- Exercise brief
Leave out the pictures and repeat the entries below verbatim.

- Data

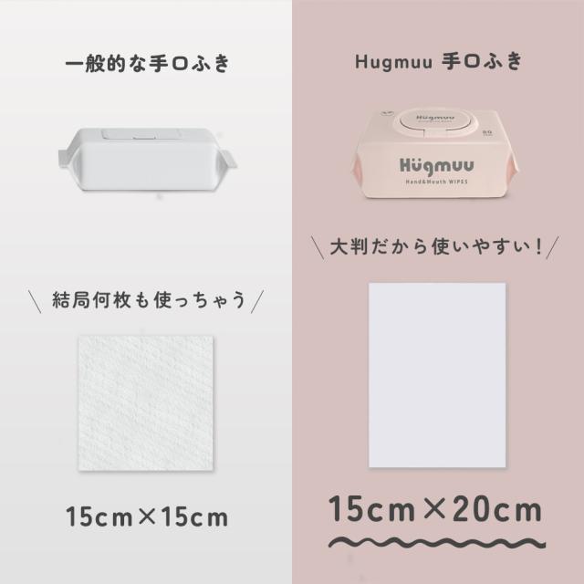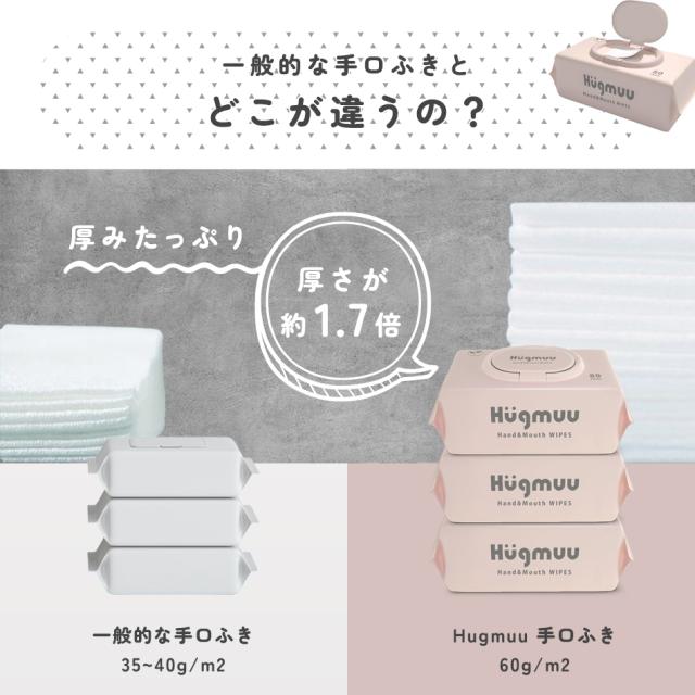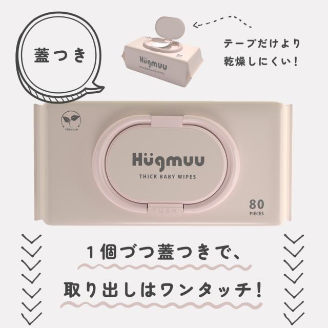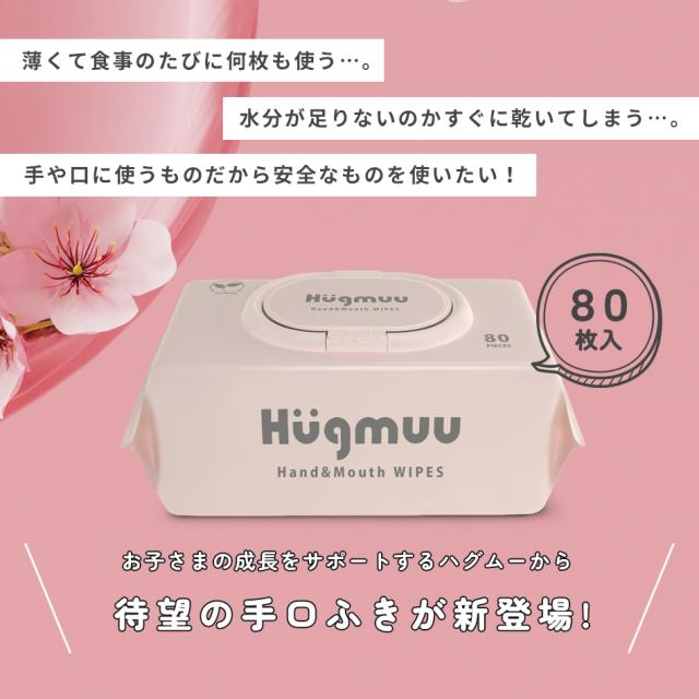 手口ふき 厚手 無添加 肌にやさしい 大判 蓋付き 80枚入り ウェットティッシュ おしゃれ 手口拭き 手くちふき 手拭き 口ふき 体拭き シート 出産祝い 赤ちゃん ベビー Hugmuu ハグムー
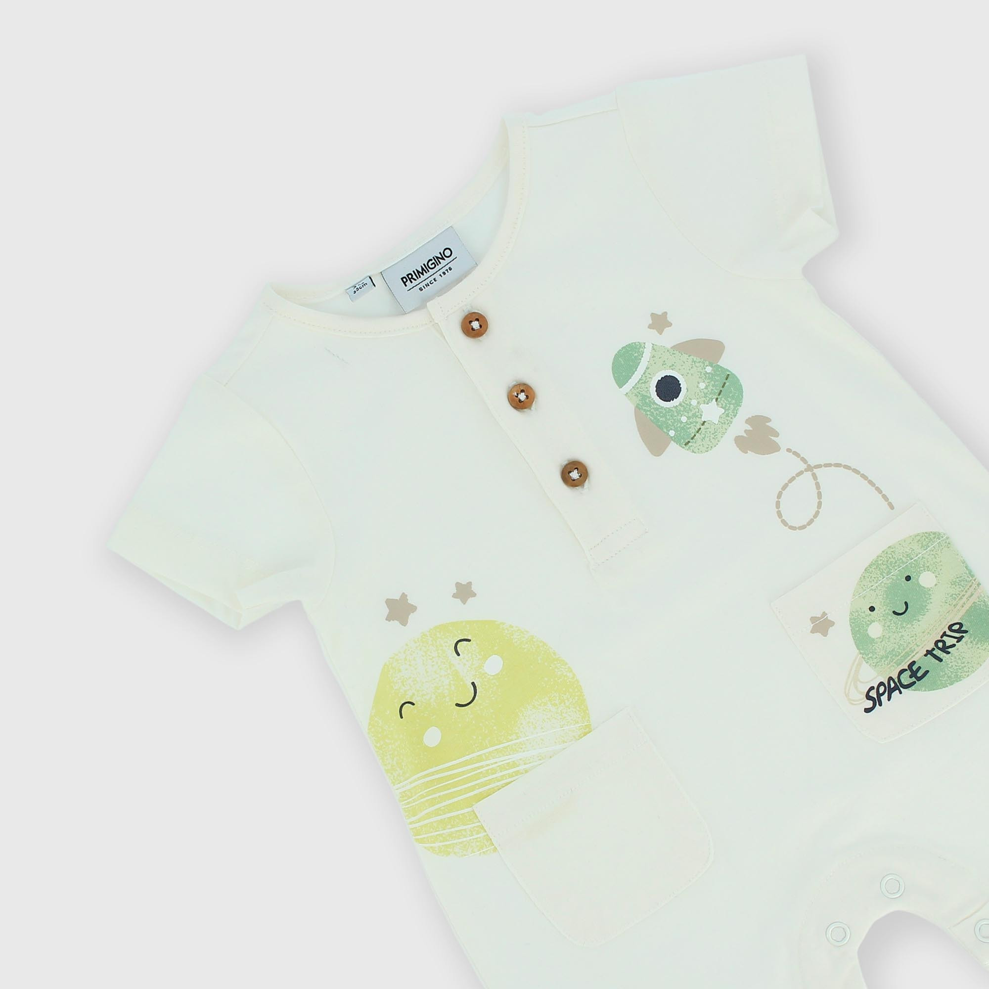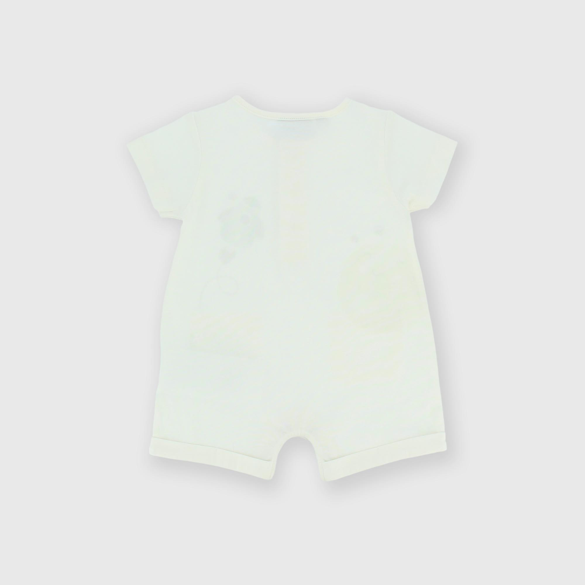 Combinaison en Jersey, col rond, manches courtes. Boutons en bois sur l'encolure. Fermeture avec boutons pression sur l'entrejambe. Imprimé et poches appliquées devant.
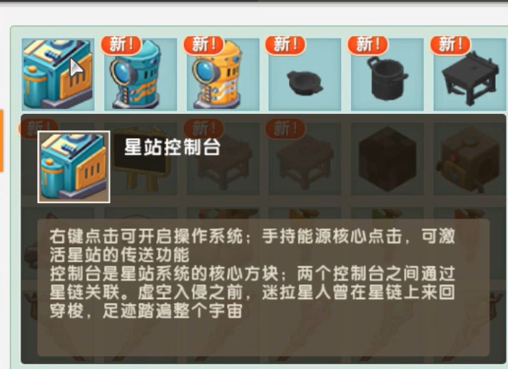 这三样东西使我们去往其他星球的关键!将控制台、传送舱摆放好后,再将核心放入控制台中,我们就能去往自己想要的星球啦(可以去的星球包括 迷拉星、烈焰星、萌眼星三个星球)!
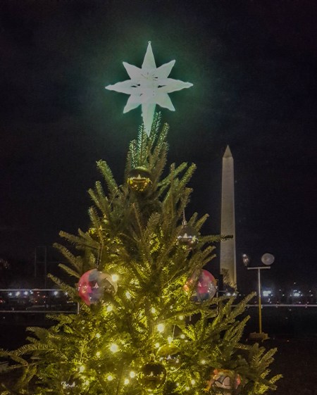 Later that night, we went to the National Mall to see the National Christmas Tree and the 57 trees that surround it, one representing each US State and Territory. With the wind whipping about, it felt colder than 17 degrees and these next images were taken with my cell phone, held by my shaking, freezing cold hands.
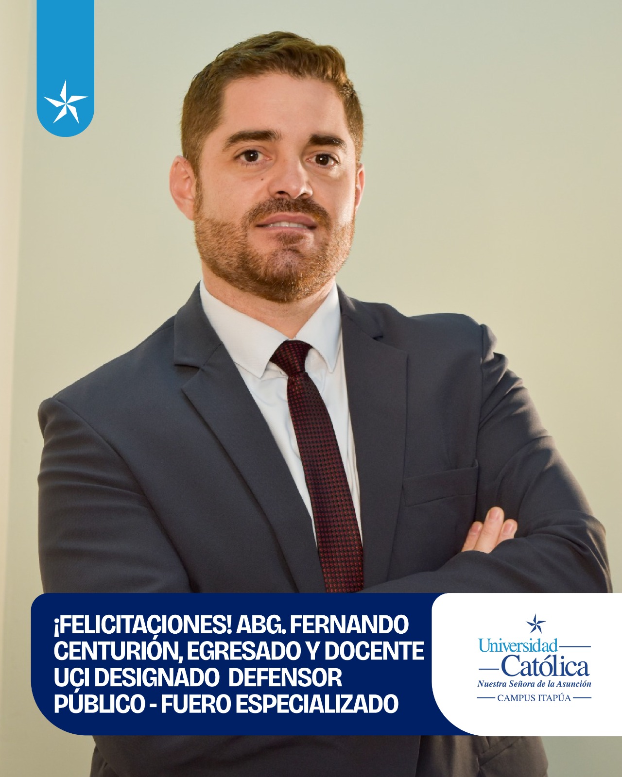 La Universidad Católica “Nuestra Señora de la Asunción” – Campus Itapúa celebra con orgullo la designación del Abg. Fernando Centurión, egresado y docente de la Carrera de Derecho de la Facultad de Ciencias Jurídicas, como Defensor Público del Fuero Especializado en la Ley N° 5777/16, de Protección Integral a las Mujeres contra toda forma de violencia.
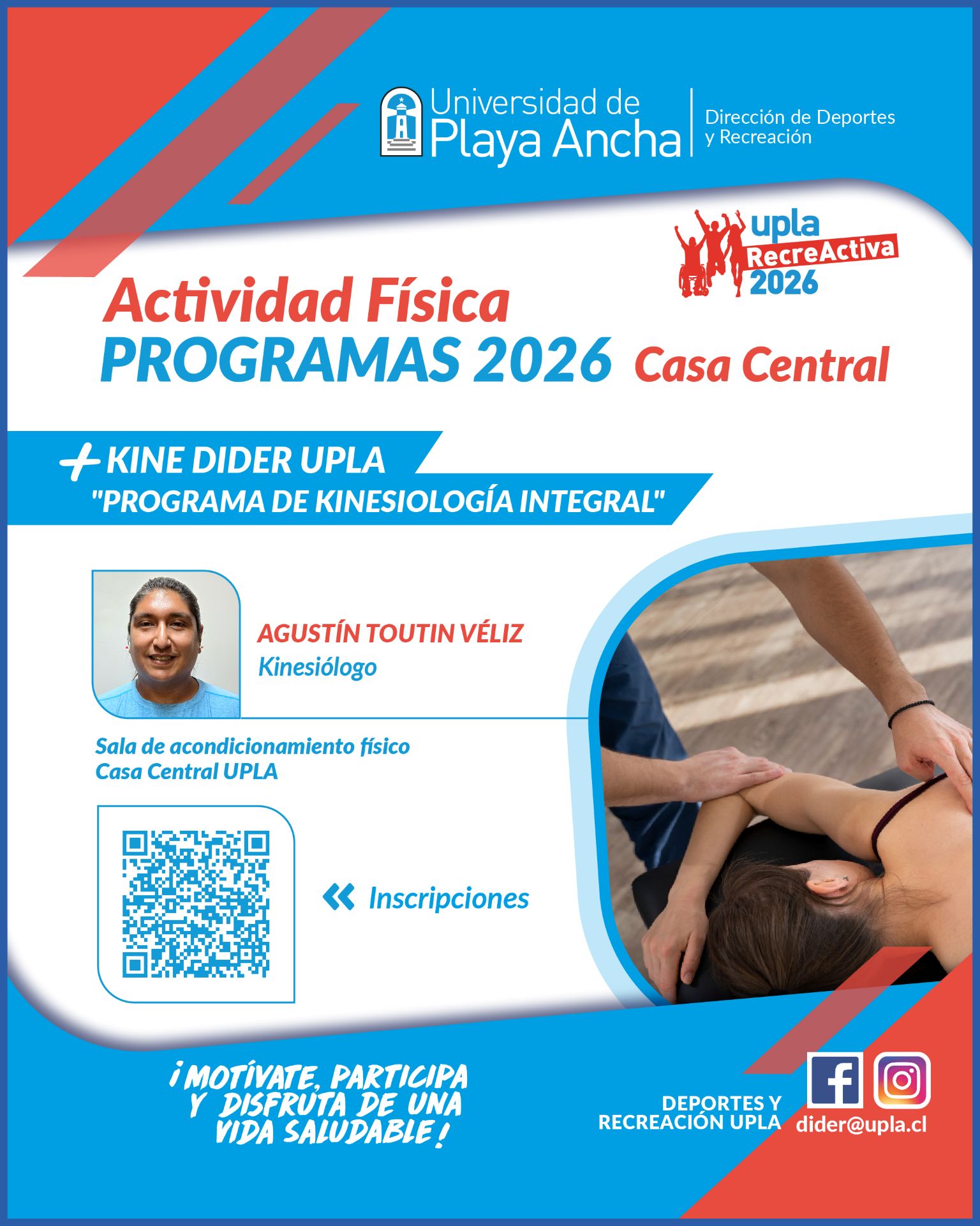 La Dirección de Deportes y Recreación (DIDER), dependiente de la Dirección General de Desarrollo Estudiantil, invita a toda la comunidad universitaria a ser parte del programa: «PREP +KINE DIDER UPLA: Promoción, Rehabilitación, Educación y Prevención».

- Your solution
 手口ふき 厚手 無添加 肌にやさしい 大判 蓋付き 80枚入り ウェットティッシュ おしゃれ 手口拭き 手くちふき 手拭き 口ふき 体拭き シート 出産祝い 赤ちゃん ベビー Hugmuu ハグムー
 Combinaison en Jersey, col rond, manches courtes. Boutons en bois sur l'encolure. Fermeture avec boutons pression sur l'entrejambe. Imprimé et poches appliquées devant.
 这三样东西使我们去往其他星球的关键!将控制台、传送舱摆放好后,再将核心放入控制台中,我们就能去往自己想要的星球啦(可以去的星球包括 迷拉星、烈焰星、萌眼星三个星球)!
 Later that night, we went to the National Mall to see the National Christmas Tree and the 57 trees that surround it, one representing each US State and Territory. With the wind whipping about, it felt colder than 17 degrees and these next images were taken with my cell phone, held by my shaking, freezing cold hands.
 La Universidad Católica “Nuestra Señora de la Asunción” – Campus Itapúa celebra con orgullo la designación del Abg. Fernando Centurión, egresado y docente de la Carrera de Derecho de la Facultad de Ciencias Jurídicas, como Defensor Público del Fuero Especializado en la Ley N° 5777/16, de Protección Integral a las Mujeres contra toda forma de violencia.
 La Dirección de Deportes y Recreación (DIDER), dependiente de la Dirección General de Desarrollo Estudiantil, invita a toda la comunidad universitaria a ser parte del programa: «PREP +KINE DIDER UPLA: Promoción, Rehabilitación, Educación y Prevención».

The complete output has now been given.